Thank you very much!
Update: Following #joni comment, I passed the gradient function explicitly, but still no result.
I don't know how to change the constrains to test #chthonicdaemon
comment yet.
import numpy as np
import scipy.optimize as sco
# setup variables
media_budget = 100000 # total media budget
media_labels = ['launchvideoviews', 'conversion', 'traffic', 'videoviews', 'reach'] # channel names
media_coefs = [0.3524764781, 5.606903166, -0.1761937775, 5.678596017, 10.50445914] #
# model coefficients
media_drs = [-1.15, 2.09, 6.7, -0.201, 1.21] # diminishing returns
const = -243.1018144
# the function for our model
def model_function(x, media_coefs, media_drs, const):
# transform variables and multiply them by coefficients to get contributions
channel_1_contrib = media_coefs[0] * x[0]**media_drs[0]
channel_2_contrib = media_coefs[1] * x[1]**media_drs[1]
channel_3_contrib = media_coefs[2] * x[2]**media_drs[2]
channel_4_contrib = media_coefs[3] * x[3]**media_drs[3]
channel_5_contrib = media_coefs[4] * x[4]**media_drs[4]
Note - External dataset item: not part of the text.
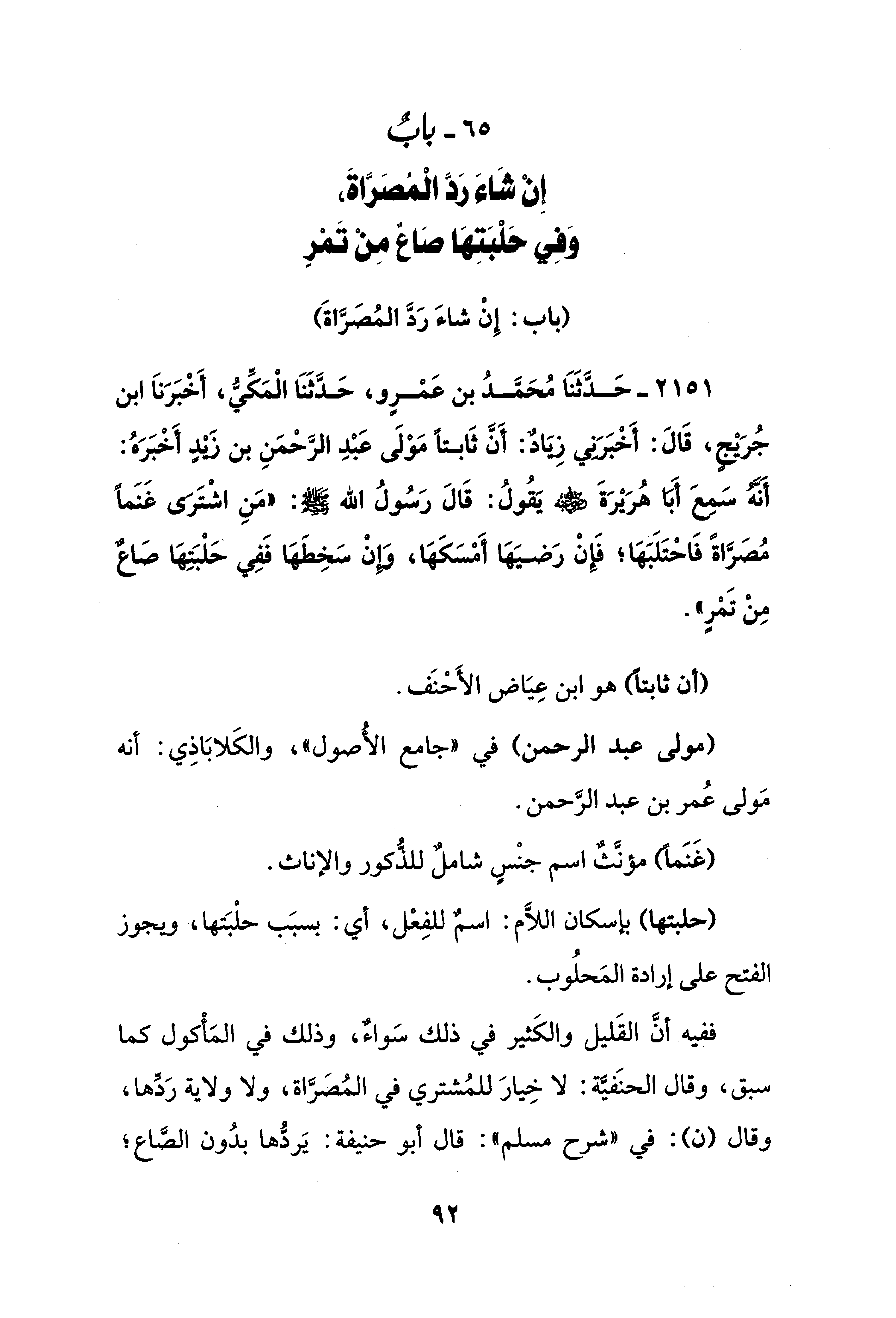 2151 - حَدَّثَنَا مُحَمَّدُ بن عَمْرٍو، حَدَّثَنَا الْمَكِّيُّ، أَخْبَرَناَ ابن جُرَيْجٍ، قَالَ: أَخْبَرَنِي زِيَادٌ: أَنَّ ثَابتًا مَوْلَى عَبْدِ الرَّحْمَنِ بن زَيْدٍ أَخْبَرَهُ: أَنَّهُ سَمِعَ أَبَا هُرَيْرَةَ - رضي الله عنه - يَقُولُ: قَالَ رَسُولُ الله - صلى الله عليه وسلم -: "مَنِ اشْتَرى غَنَمًا مُصَرَّاةً فَاحْتَلَبَهَا؛ فَإِنْ رَضيَهَا أَمْسَكَهَا، وَإِنْ سَخِطَهَا فَفِي حَلْبَتِهَا صَاعٌ منْ تَمْرٍ".

# sum contributions and add constant (objetive function)
y = channel_1_contrib + channel_2_contrib + channel_3_contrib + channel_4_contrib + channel_5_contrib + const
# return negative conversions for the minimize function to work
return -y
# partial derivative of the objective function
def fun_der(x, media_coefs, media_drs, const):
d_chan1 = 1
d_chan2 = 1
d_chan3 = 1
d_chan4 = 1
d_chan5 = 1
return np.array([d_chan1, d_chan2, d_chan3, d_chan4, d_chan5])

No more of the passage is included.